Now, I know I can add another variable using the size of the circles, so if I want to add a representation for how many burgers Jane and Joe eat a week (10 and 20, respectively), I could have something like:

enter image description here enter image description here

And I can even use shape or color + size to add a fourth variable, for example if they eat more cheeseburgers than beef burgers (limitation here is that the type of burger is a boolean, with only two possible values), but anyway:

enter image description here enter image description here

And this where I think it starts to get messy. Adding shapes to the combo to represent a fifth variable would risk the 'ease-of-comprehension' of the graph. When I look at the graph, my (particular) brain only processes maybe 2 or 3 variables, no more. Do they eat combo or just burgers, for example?:

enter image description here enter image description here

I thought of maybe a 3rd dimension, but that would look just terrible. I might be thinking about this in the complete wrong way, and chances are I am missing something quite obvious here that I cannot grasp (for example, if trying to represent more than 3 or 4 variables is just wrong as a practice), but back to my question(s):

  • Is 4 (maybe 5 if the graph is very simple like mine) a reasonable number for maximum variables represented at the same time in a two axis chart?

  • Are there other graph types that allow for more variables without losing clarity?

  • Is there a good example of a chart that successful represents a large number of variables?

2014/02/20
1
14
2/20/2014 12:51:00 PM

Accepted Answer

Edit III: I found an imensly gorgeous example of multivariable quantitative data visualisation, and had to add it. You will find it under the heading "Edit III (Nobel laureates)".

Edit II: there has been a little misunderstanding, and I have edited to try to clarify how I interpret the intended use of the data. I have replaced two images and added a section "Do you want fries with that?"


Graphics reveal data.

Edward Tufte:

Clutter and confusion are failures of design not attributes of information. Clutter calls for a design solution, not content reduction. Quite often, the more intense the detail, the greater clarity and understanding, because meaning and reasoning are relentlessly CONTEXTUAL. Less is a bore.

Why do we visualise data?

  • Tools for thinking
  • To show the result of intense seeing
  • To understand a problem, to make a decision
  • Show comparisons, show causality
  • Provide reasons to believe

How?

  • show the data
  • induce the viewer to think about the substance rather than about methodology, graphic design, the technology of graphic production or something else
  • avoid distorting what the data have to say
  • present many numbers in a small space
  • make large data sets coherent
  • encourage the eye to compare different pieces of data
  • reveal the data at several levels of detail, from a broad overview to the fine structure.
  • serve a reasonably clear purpose: description, exploration, tabulation or decoration.
  • be closely integrated with the statistical and verbal descriptions of a data set.

A few definitions:

Data:

is generally thought of as "stuff that is sorted in databases". This can of course be numbers, images, sound, video etc. Data is what is collectable, often quantitative. In its rawest form it is hard to digest; just walls of digits. You know; the Matrix. Generally speaking, we do not have massive databases consisting of zeros, for all the stuff we do not have, even if sometimes the stuff we do not have are the stuff that are the most informative. So to see what we do not have, we need to visualise what we do have.

Information:

is what you can extract from data. By displaying data somehow, we can glean information. One of the examples I often use, is that if I give you a list of the countries of the world and tell you that two are missing, it is highly unlikely that you will find them based on that list. However, if I display this by colouring all the countries I have on a map, you will instantly see I have omitted the the Central African Republic and New Caledonia. This is "reducing noise" and telling a story in the most effective way possible.
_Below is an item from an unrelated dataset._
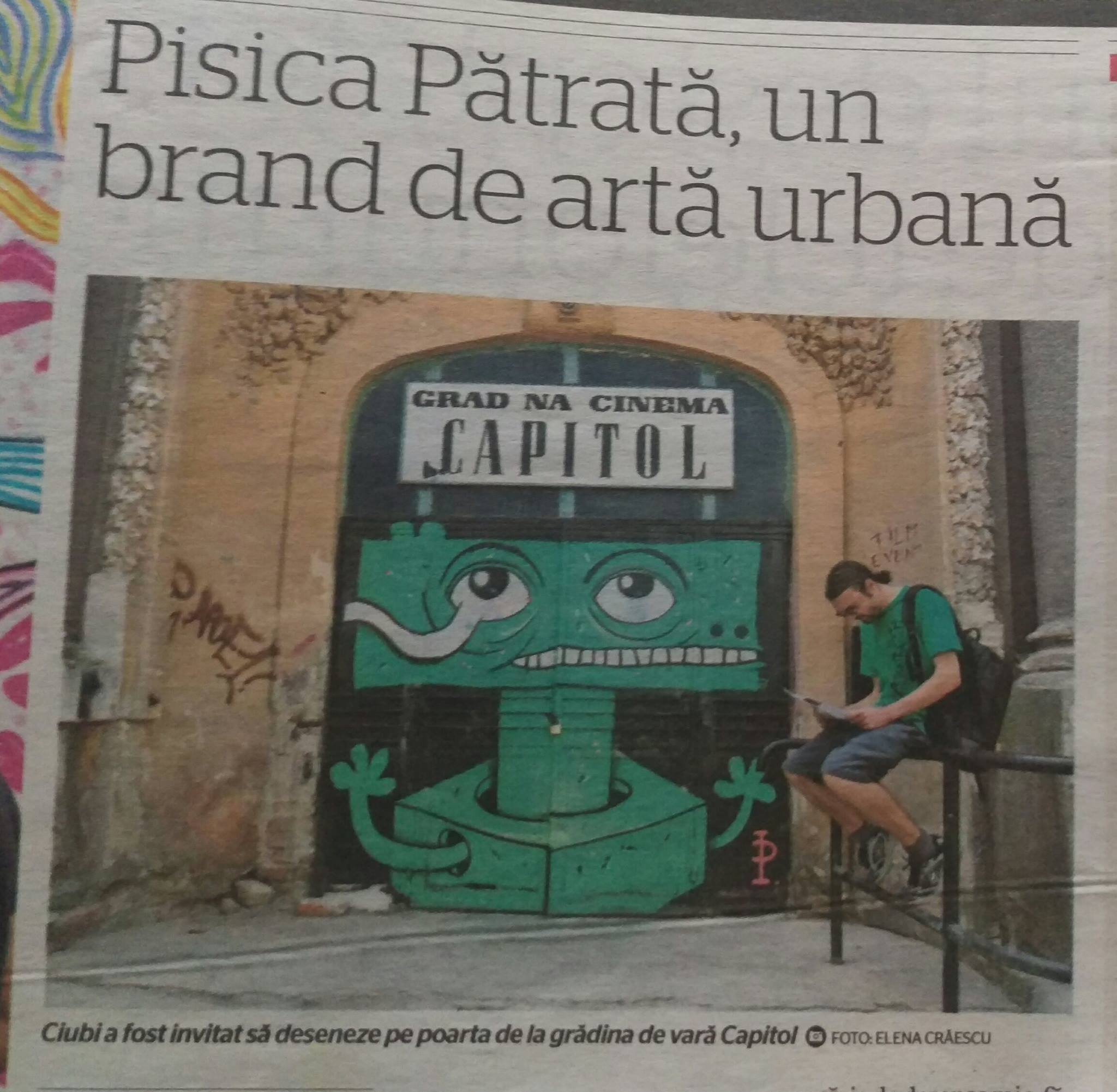 Pentru inaugurarea seriei de evenimente care au avut loc în vara lui 2009 la Teatrul de vară Capitol, l-am invitat pe Pisica Pătrată să deseneze porțile metalice de la intrare. În 2016, Pisica Pătrată a refăcut pictura, personajul devenind un reper și un semnal care atrage atenția asupra ansamblului de clădiri de patrimoniu abandonate și scoase din uz. Și, în aceeași vară a anului 2016, am colaborat cu Lente care, împreună cu Saddo, Pren, Ada Mușat, Reg, Kitră, Cutărică, Livia Fălcaru și Irlo au decorat toată casa și curtea cu câteva desene pe care le puteți admira oricând în zonă.

Infographics and data visualisations:

I hesitate to call your example infographics. I know this is often seen as synonyms to data visualisation, information design, or information architecture, but I disagree. Infographics - to me - are a series of graphs, diagrams and illustrations that might well contain a bunch of biased statements on how to read the data. It is less objective, more prone to skip data that are not in the "interest" of the creator: you are guided towards a conclusion that someone predefined. They have entertainment value, and they often have overwhelming use of illustrations that takes away some focus from the data. This is fine but I think we should differentiate a little.

Examples

Big data:

Bear in mind that big data is not the same as complex data. Lots of data can be just lots of the same, such as this LinkedIn map: the core data is the same, but there are filters (by tagging). There are two variables: geography and some sort of tag defining people into professions/interests/relations. Insane amount of data; but only two variables.

enter image description here

Multivariable:

Here is an example of multivariable visualisation of data. This is Charles Minard's 1869 chart showing the number of men in Napoleon’s 1812 Russian campaign army, their movements, as well as the temperature they encountered on the return path. Big version here. enter image description here

It takes a little time to crack the code, but when you do it is splendid. The variables covered are:

  • size of army (number of live/dead)
  • geographic location
  • direction (east - west)
  • temperature
  • time (dates)
  • causation (died in battles and of cold)

That is an amazing amount of information in a simple, two-coloured map. The geographical part is stylised to give room to the other variables, but we have no problem getting it.

Here is a more tricky one. This will be a lot easier to read if you are familiar with basic evolutionary visualisations, cladograms , phylogenics and principles of biogeography. Bear in mind it is made for people familiar with this, so it is a specialist, scientific chart. Here is what it shows: A phylogeographic image of poison frogs lineages from South America. Maps on the left show the main biogeographic regions as they change through time and the image to the right shows the frog lineages in context of their biogeographic origins. (By Santos JC, Coloma LA, Summers K, Caldwell JP, Ree R, et al. [CC-BY-SA-2.5 (www.creativecommons.org/licenses/by-sa/2.5)], via Wikimedia Commons). When you "crack the code" it is wildly, amazingly informative.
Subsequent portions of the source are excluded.